Dr. Ronald Manderscheid’s article in Behavioral Healthcare Magazine suggests that this law is just the first step in our move toward parity in payment for mental health and substance abuse services. Four other doors need to be opened more widely to assure true parity: 1. the extension of insurance benefits to more individuals and the extension of the rule to more policies; 2. clear statement of what determines medical necessity for access to care; 3. improving scope and quality of the care accessed; and 4. expecting the outcome of care to be at least as good as in the medical/surgical realm. This law brings us a long way toward the goal of equity, but we as advocates have a long way to go to assure that consumers of mental health care can actually get the care they deserve.
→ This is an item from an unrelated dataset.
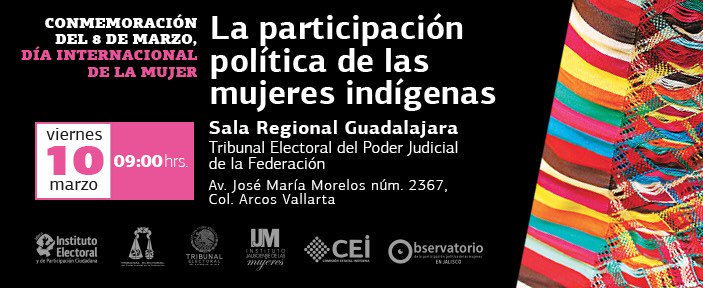 La Sala Regional Guadalajara del Tribunal Electoral del Poder Judicial de la Federación, el Tribunal Electoral del Estado de Jalisco, el Instituto Electoral y de Participación Ciudadana del Estado de Jalisco, el Instituto Jalisciense de las Mujeres, la Comisión Estatal Indígena, el Observatorio de la Participación Política de las Mujeres organizadores del foro: “La Participación Política de las Mujeres Indígenas”, en el marco de la conmemoración del Día Mundial de la Mujer.

What effect do you think the parity law will have on your organization? Do you foresee a big impact or a small change? Please share your comments below.
Debra says:
We are seeing parity to mean deductibles are being applied where the were bypassed before. Also we have seen copays for more than 50% of the contracted rate.
As usual do not know that the law will produce the desired result.
Kathy says:
Thanks for your comment, Deb. I’m not sure I understand what you mean by “deductibles are being applied where they were bypassed before.” Before this IFR was released, I think companies were trying to do what they interpreted the law to mean. Now they are finding out what the law actually means!